_Source material_

--- START ---

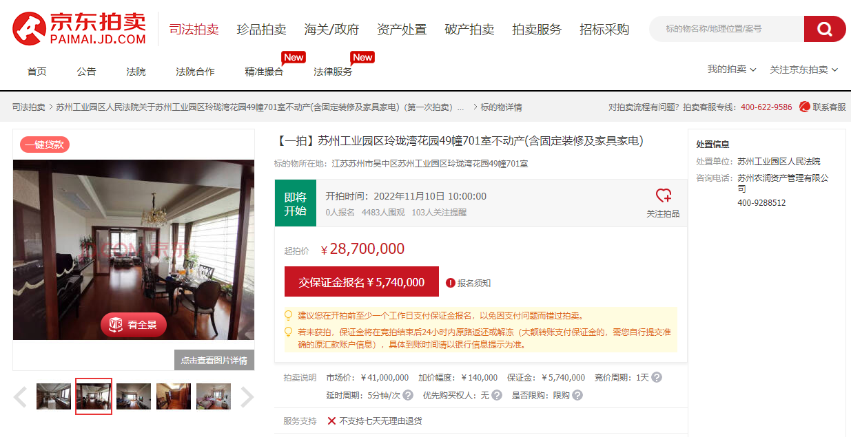 說起玲瓏灣,稍微了解蘇州房市的人都清楚,這里一直是蘇州普通住宅單價(jià)的天花板。該小區(qū)位于蘇州工業(yè)園區(qū),得天獨(dú)厚的地理位置,可以把金雞湖的湖景盡收眼底,經(jīng)常出現(xiàn)在國內(nèi)影視劇中,可謂是園區(qū)的明星樓盤。本次蘇州法拍節(jié)期間開拍的一套約300平米的大平層,裝修奢華,站在陽臺(tái)即可飽覽金雞湖美景,市場評(píng)估價(jià)4100萬元,將在11月10日以2870萬元進(jìn)行拍賣。
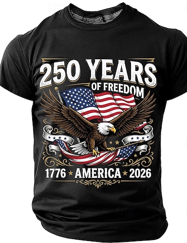 250 anni di libertà 1776 2026 maglietta patriottica da uomo con aquila calva, bandiera americana, vintage, orgoglio USA, girocollo, maniche corte, 4 luglio, celebrazione del quinquennio, regalo,
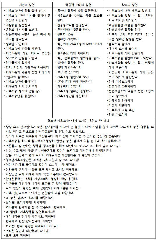 ‘역사적인 기후 소송, 우리는 무엇을 할 수 있을까?’라는 질문을 통해, 학생들이 개인적으로 실천할 수 있는 것들, 학급(동아리)에서 실천할 수 있는 것들, 학교 단위에서 실천할 수 있는 것들에 대해서도 토의해 보았다. 그 결과, 개인의 실천으로는 ‘재활용 실천하기’, ‘전등이나 선풍기 등을 꺼서 에너지 절약하기’, ‘기후 위기를 친구들에게 알리기’, ‘걷기, 자전거, 대중교통 이용하기’, ‘1인시위 참여하기’ 등이 제안되었다. 학급(동아리)의 실천으로는 ‘환경캠페인 활동하기’, ‘학급 준비물에서 일회용품 줄이기’, ‘시위에 함께 참여하기’ 등이, 학교의 실천으로는 ‘기후 소송에 대해 가르치기’, ‘ 태양광발전 시설 설치하기’, ‘탄소배출을 줄일 수 있는 방법에 대해 토론하기’, ‘환경 가르치기’ 등이 언급됐다. 끝으로 기후 소송에 참여하고 있는 또래 학생들에게 보내는 응원의 한마디도 요청했다.2)
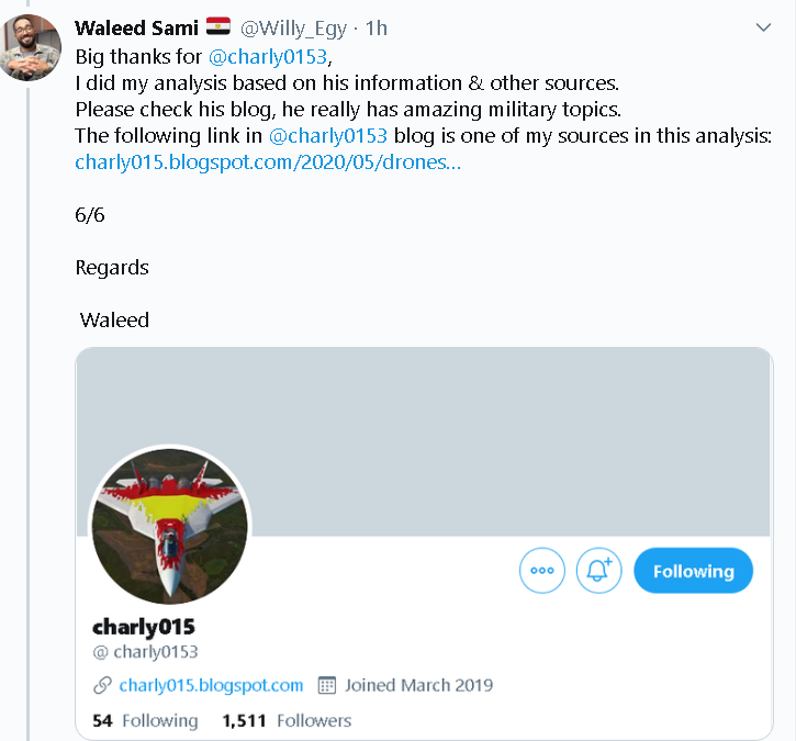 Big thanks for @charly0153, I did my analysis based on his information & other sources. Please check his blog, he really has amazing military topics. The following link in @charly0153 blog is one of my sources in this analysis: https://charly015.blogspot.com/2020/05/drones-male-destruidos-en-libia.html … 6/6 Regards Waleedpic.twitter.com/ya79qtmn6T

--- END ---

An exact copy of the listing above, minus its pictures, is what is needed here.

 說起玲瓏灣,稍微了解蘇州房市的人都清楚,這里一直是蘇州普通住宅單價(jià)的天花板。該小區(qū)位于蘇州工業(yè)園區(qū),得天獨(dú)厚的地理位置,可以把金雞湖的湖景盡收眼底,經(jīng)常出現(xiàn)在國內(nèi)影視劇中,可謂是園區(qū)的明星樓盤。本次蘇州法拍節(jié)期間開拍的一套約300平米的大平層,裝修奢華,站在陽臺(tái)即可飽覽金雞湖美景,市場評(píng)估價(jià)4100萬元,將在11月10日以2870萬元進(jìn)行拍賣。
 250 anni di libertà 1776 2026 maglietta patriottica da uomo con aquila calva, bandiera americana, vintage, orgoglio USA, girocollo, maniche corte, 4 luglio, celebrazione del quinquennio, regalo,
 ‘역사적인 기후 소송, 우리는 무엇을 할 수 있을까?’라는 질문을 통해, 학생들이 개인적으로 실천할 수 있는 것들, 학급(동아리)에서 실천할 수 있는 것들, 학교 단위에서 실천할 수 있는 것들에 대해서도 토의해 보았다. 그 결과, 개인의 실천으로는 ‘재활용 실천하기’, ‘전등이나 선풍기 등을 꺼서 에너지 절약하기’, ‘기후 위기를 친구들에게 알리기’, ‘걷기, 자전거, 대중교통 이용하기’, ‘1인시위 참여하기’ 등이 제안되었다. 학급(동아리)의 실천으로는 ‘환경캠페인 활동하기’, ‘학급 준비물에서 일회용품 줄이기’, ‘시위에 함께 참여하기’ 등이, 학교의 실천으로는 ‘기후 소송에 대해 가르치기’, ‘ 태양광발전 시설 설치하기’, ‘탄소배출을 줄일 수 있는 방법에 대해 토론하기’, ‘환경 가르치기’ 등이 언급됐다. 끝으로 기후 소송에 참여하고 있는 또래 학생들에게 보내는 응원의 한마디도 요청했다.2)
 Big thanks for @charly0153, I did my analysis based on his information & other sources. Please check his blog, he really has amazing military topics. The following link in @charly0153 blog is one of my sources in this analysis: https://charly015.blogspot.com/2020/05/drones-male-destruidos-en-libia.html … 6/6 Regards Waleedpic.twitter.com/ya79qtmn6T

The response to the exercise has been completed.